Data items:
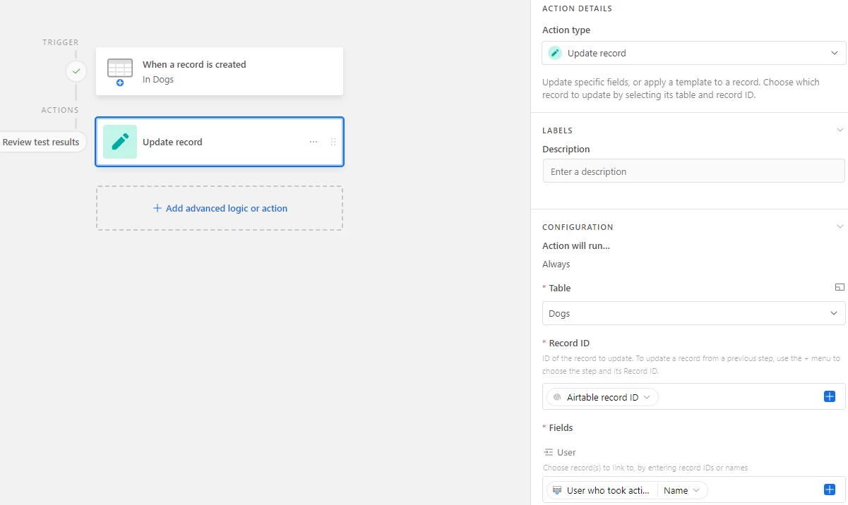 Airtable has a built in CreatedBy field. It sounds like this is what you are trying todo. Then when an record is update happens you have LastModifiedBy
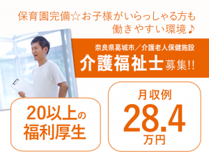 ≪葛城市/介護福祉士(老健)/正社員≫\給与UPしました!/2025年6月、納得の働き方、実現しませんか?年収400万円以上可能♪(kyo)
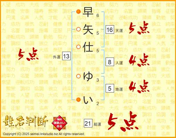 早矢仕ゆいさんの総運は21画の5点!
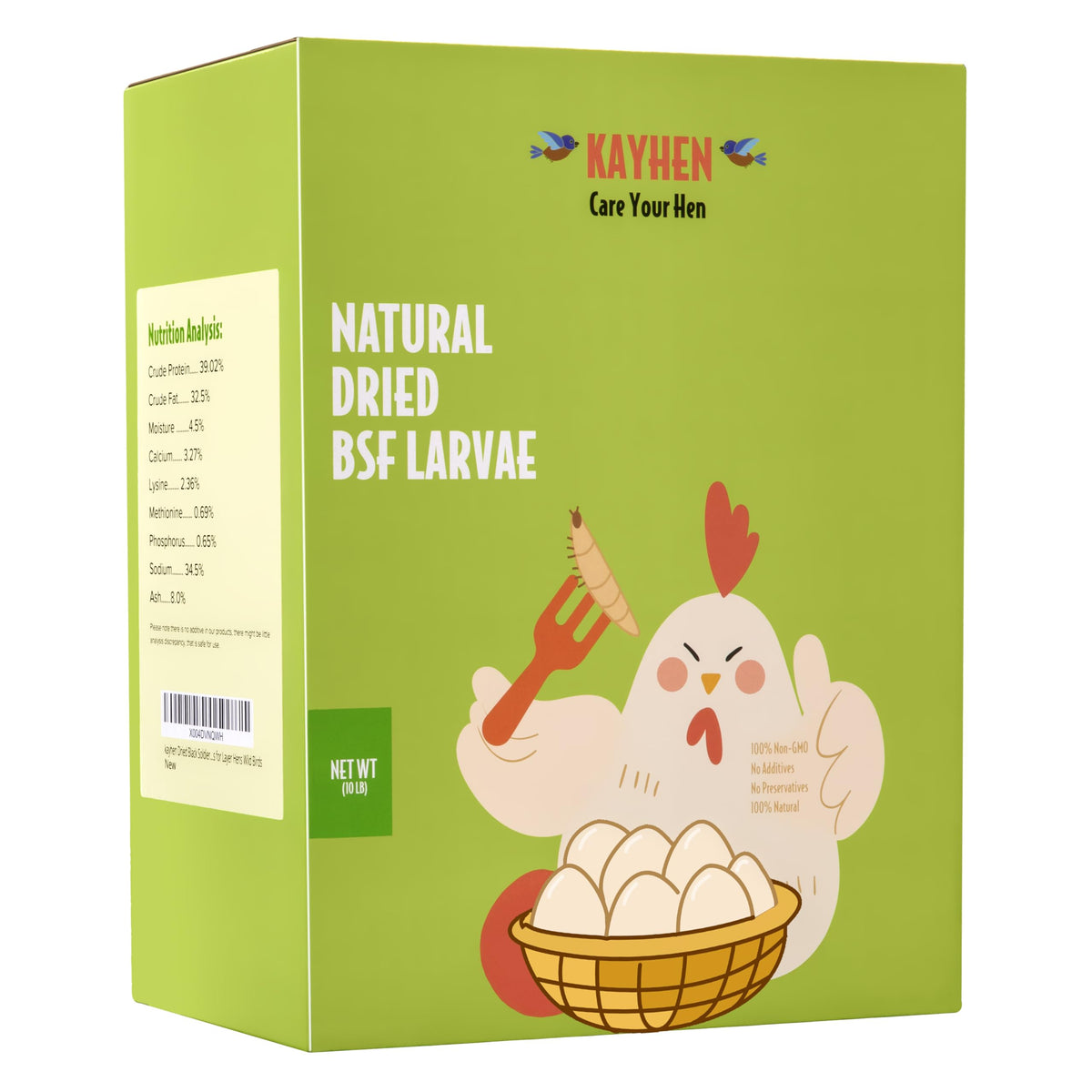 KAYHEN Dried Black Soldier Fly Larvae 10LB Non-GMO BSF Larvae for Chickens More Calcium Than Mealworms High-Protein Chickens Treats for Layer Hens Wild Birds Ducks Sale
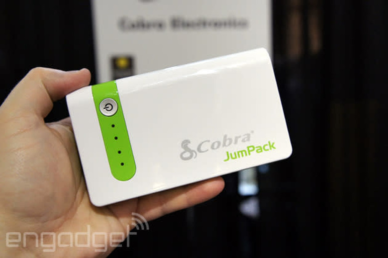 Cobra Electronics is a big player in the automotive world, largely thanks to its line of radar detectors. What a lot of people don't know, however, is that the company has also been dabbling with products that jump-start your car. At this year's CES, Cobra is introducing the JumPack, which it says is a game-changing device for jump-starting — an odd-sounding statement, no doubt, but we have to agree. The 7,500mAh portable JumPack (CPP 7500) looks suspiciously like your run-of-the-mill external smartphone/tablet charger, and it's the smallest jump-start power pack we've come across. It features a 200A starting current and gets up to a peak current of 400A, which is enough to give your car's battery a few jumps — given that it only takes three to four hours to recharge, it should be more than enough to manage those unfortunate situations in a lonely parking lot. It also comes with a built-in flashlight as well as USB output (2.1A) in case you want to give your smartphone a power boost. When it makes its way to stores in March or April, you'll be able to pick one up for $130.
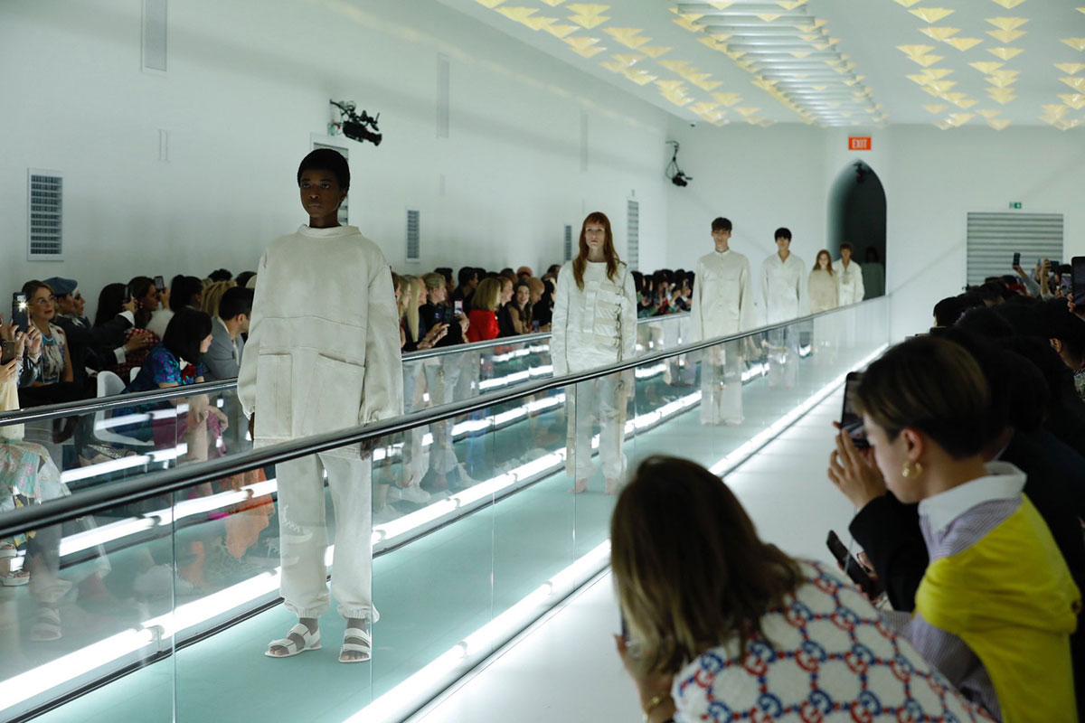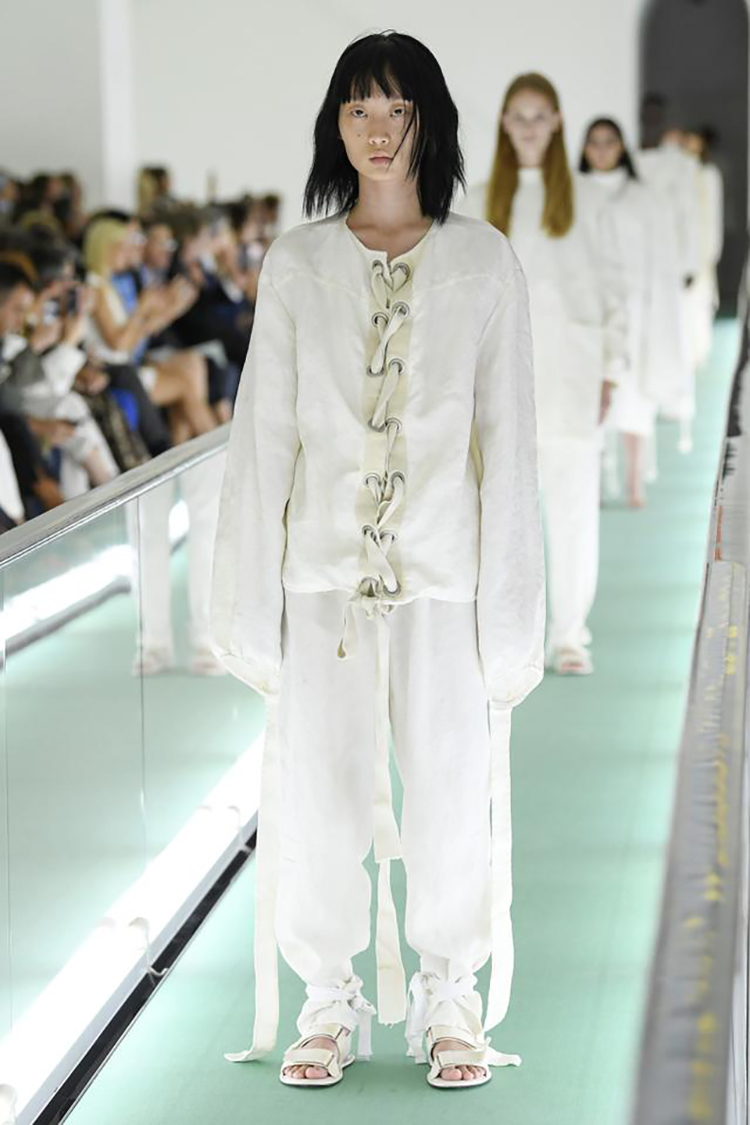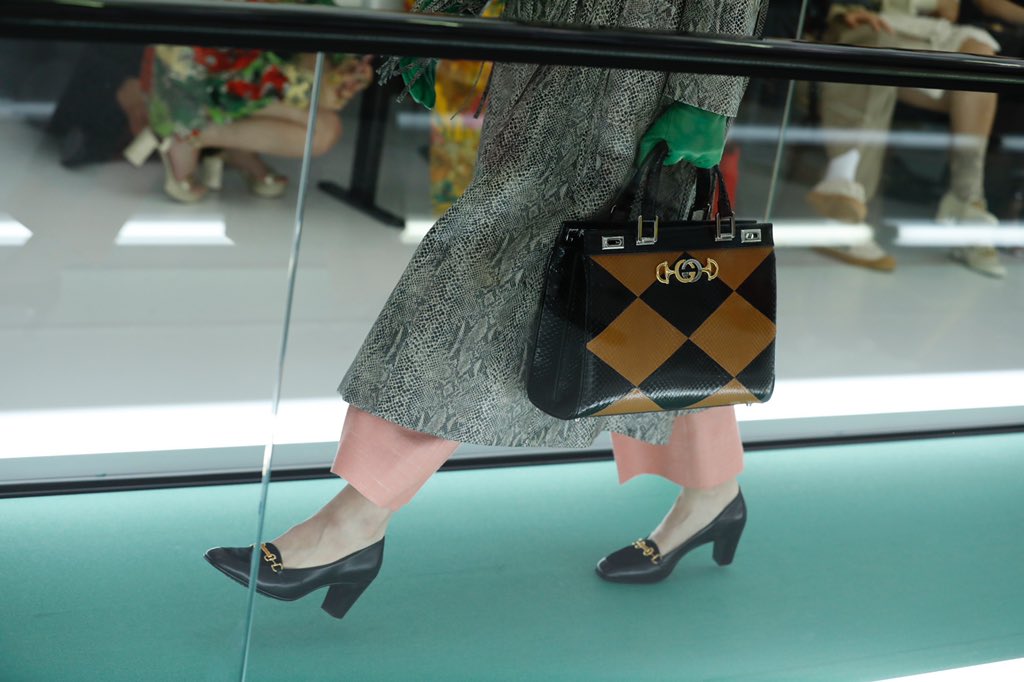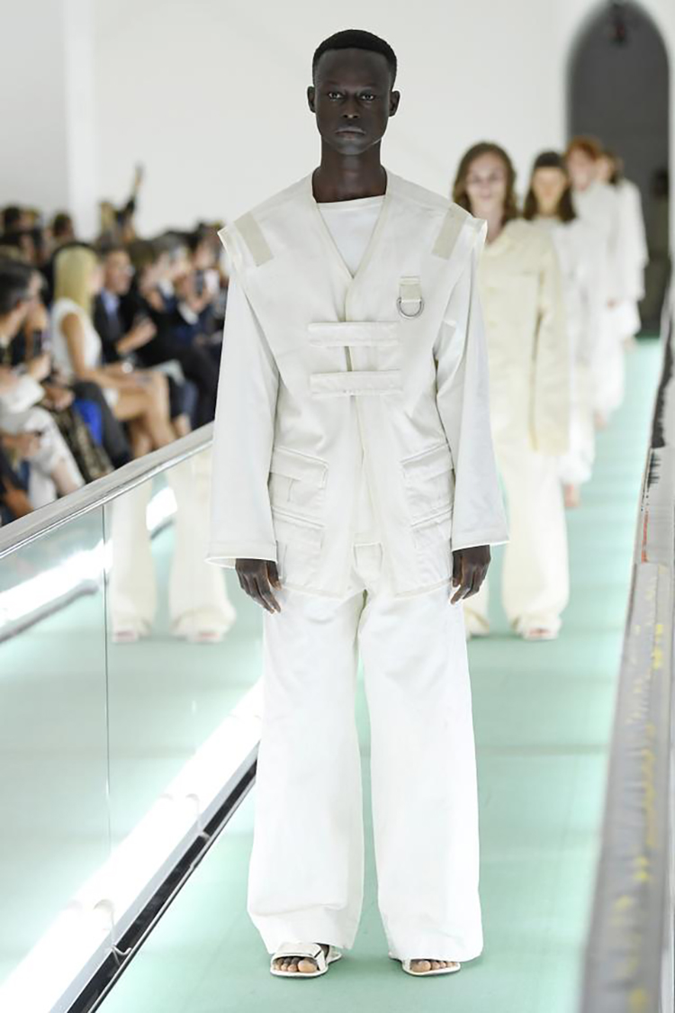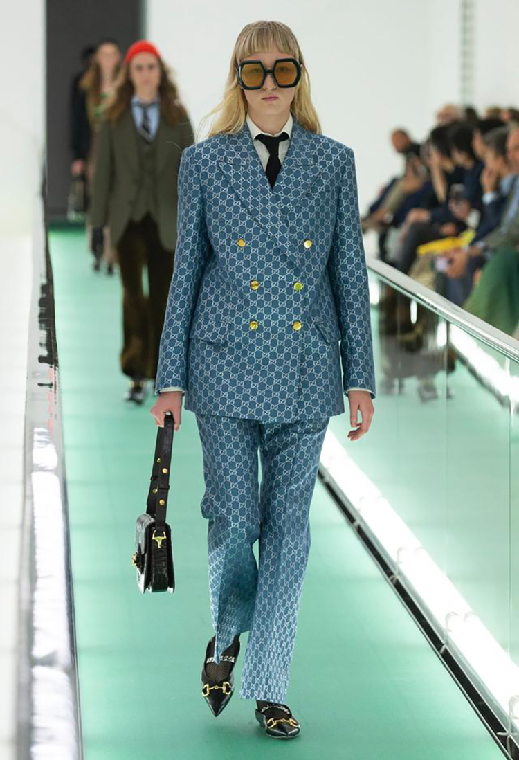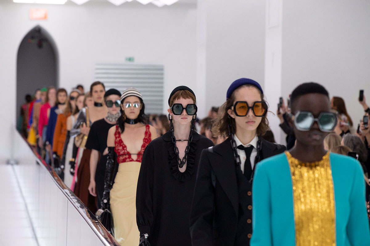 GUCCI SS20秀场,选在了自家的米兰GUCCI HUB,简洁空间,白色空间,传送带秀台,实际秀场中模特有的需要走秀,有的靠传送带传输。而创意总监Alessandro Michele也在Gucci 2020春夏系列设计中,加入了一部分很不Gucci的设计,一系列纯白色的服装被男女模特展示,这部分服装更贴近最原始的色彩,像是未经染色的白坯布,模特们则像被传送带传送出来,异常“死板”。
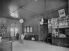 The middle part of the station building forms the core of the station, hosting the waiting halls, ticket sales, the kiosk hall and connection to the station tunnel. The eastern wing of the building used to host the offices of the railway administration. It also served as Helsinki's main post office, until it moved to the Postitalo building built in the 1930s. The head office of the VR Group moved to Pasila in 2018. The eastern wing was converted into a Scandic Hotels hotel, opened in 2021. Baggage storage spaces have been located in the underground floor of the western wing since the 1970s. The ground floor has hosted a café since the 2000s, and the top floor hosts offices and business spaces.[10]:15 The station hosts almost twenty kiosks and restaurants, visited by over 20 thousand people per day.[8]:147
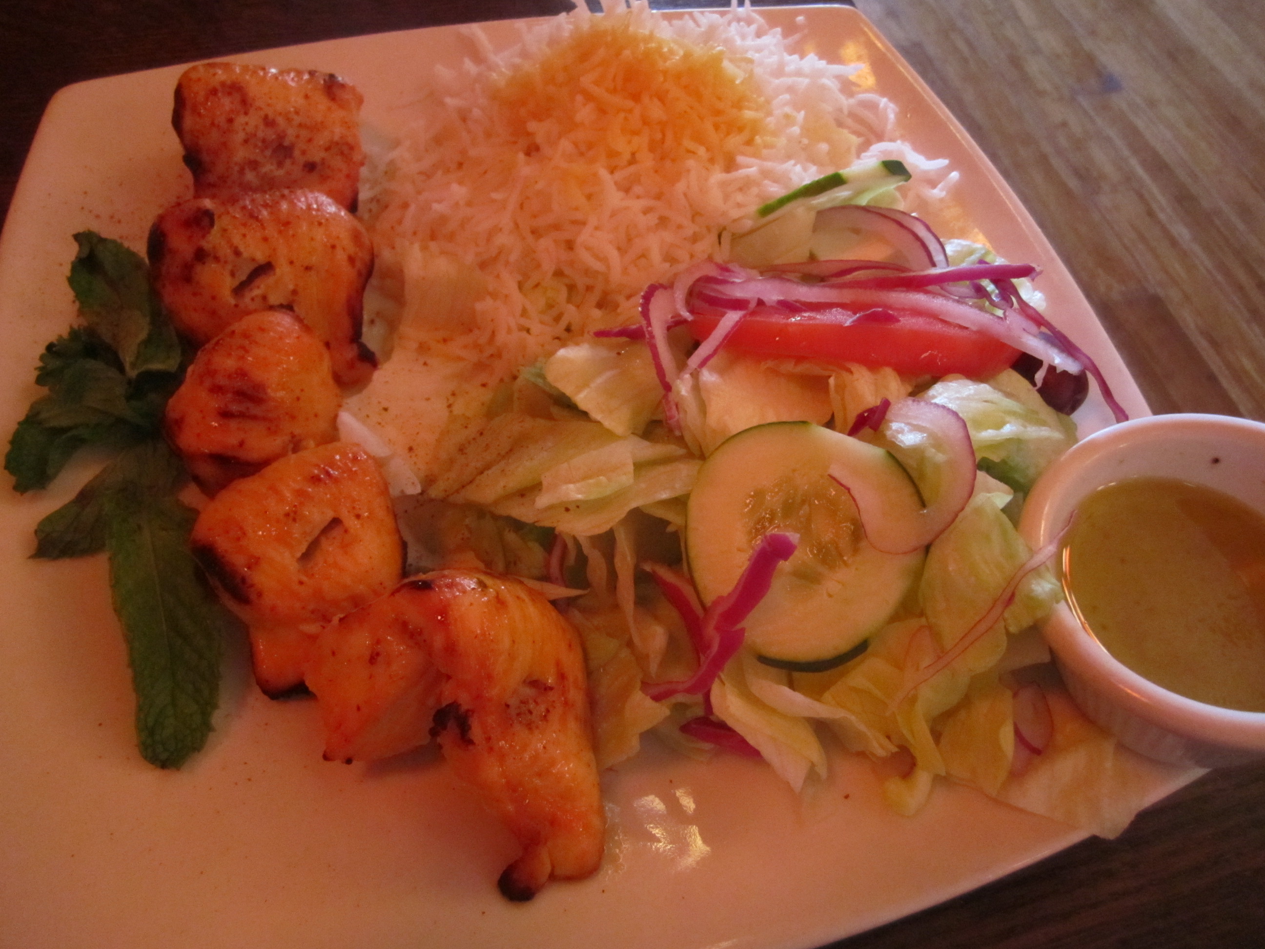 My mom ordered the chicken kabob platter, which had all the fixings of the falafel platter just with bite-sized grilled chicken pieces. As you can see, everything on the lunch platters is fresh and healthy.
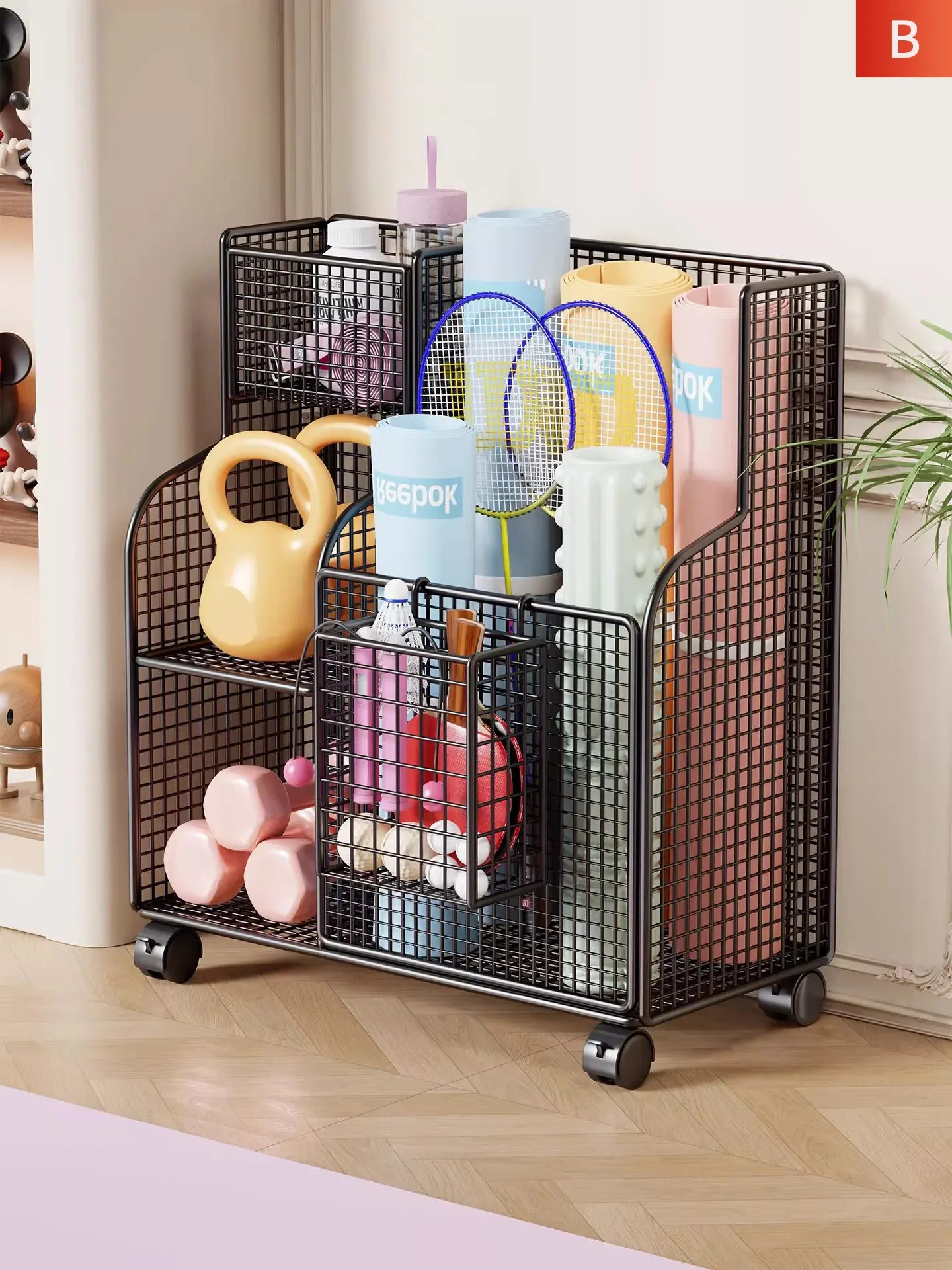大容量ヨガマット収納バスケット|移動可能なフィットネス器具・スポーツツール・バドミントン用隙間収納ラック|家の整理整頓に最適!
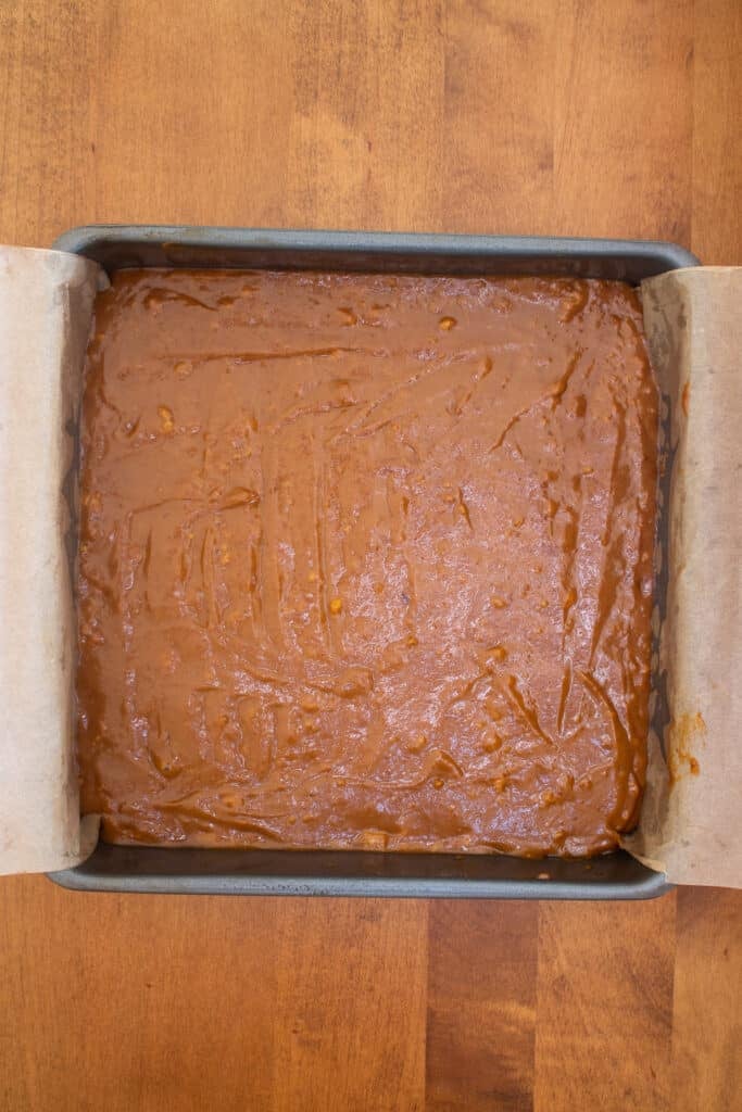 - Preheat the oven to 350℉/176℃ and line a 9x9 baking pan with parchment paper and set aside.

TASK INSTRUCTIONS: Reproduce every entry word for word, but skip any pictures.

RESPONSE AREA:
 Airtable has a built in CreatedBy field. It sounds like this is what you are trying todo. Then when an record is update happens you have LastModifiedBy
 ≪葛城市/介護福祉士(老健)/正社員≫\給与UPしました!/2025年6月、納得の働き方、実現しませんか?年収400万円以上可能♪(kyo)
 早矢仕ゆいさんの総運は21画の5点!
 KAYHEN Dried Black Soldier Fly Larvae 10LB Non-GMO BSF Larvae for Chickens More Calcium Than Mealworms High-Protein Chickens Treats for Layer Hens Wild Birds Ducks Sale
 Cobra Electronics is a big player in the automotive world, largely thanks to its line of radar detectors. What a lot of people don't know, however, is that the company has also been dabbling with products that jump-start your car. At this year's CES, Cobra is introducing the JumPack, which it says is a game-changing device for jump-starting — an odd-sounding statement, no doubt, but we have to agree. The 7,500mAh portable JumPack (CPP 7500) looks suspiciously like your run-of-the-mill external smartphone/tablet charger, and it's the smallest jump-start power pack we've come across. It features a 200A starting current and gets up to a peak current of 400A, which is enough to give your car's battery a few jumps — given that it only takes three to four hours to recharge, it should be more than enough to manage those unfortunate situations in a lonely parking lot. It also comes with a built-in flashlight as well as USB output (2.1A) in case you want to give your smartphone a power boost. When it makes its way to stores in March or April, you'll be able to pick one up for $130.
 GUCCI SS20秀场,选在了自家的米兰GUCCI HUB,简洁空间,白色空间,传送带秀台,实际秀场中模特有的需要走秀,有的靠传送带传输。而创意总监Alessandro Michele也在Gucci 2020春夏系列设计中,加入了一部分很不Gucci的设计,一系列纯白色的服装被男女模特展示,这部分服装更贴近最原始的色彩,像是未经染色的白坯布,模特们则像被传送带传送出来,异常“死板”。
 The middle part of the station building forms the core of the station, hosting the waiting halls, ticket sales, the kiosk hall and connection to the station tunnel. The eastern wing of the building used to host the offices of the railway administration. It also served as Helsinki's main post office, until it moved to the Postitalo building built in the 1930s. The head office of the VR Group moved to Pasila in 2018. The eastern wing was converted into a Scandic Hotels hotel, opened in 2021. Baggage storage spaces have been located in the underground floor of the western wing since the 1970s. The ground floor has hosted a café since the 2000s, and the top floor hosts offices and business spaces.[10]:15 The station hosts almost twenty kiosks and restaurants, visited by over 20 thousand people per day.[8]:147
 My mom ordered the chicken kabob platter, which had all the fixings of the falafel platter just with bite-sized grilled chicken pieces. As you can see, everything on the lunch platters is fresh and healthy.
大容量ヨガマット収納バスケット|移動可能なフィットネス器具・スポーツツール・バドミントン用隙間収納ラック|家の整理整頓に最適!
 - Preheat the oven to 350℉/176℃ and line a 9x9 baking pan with parchment paper and set aside.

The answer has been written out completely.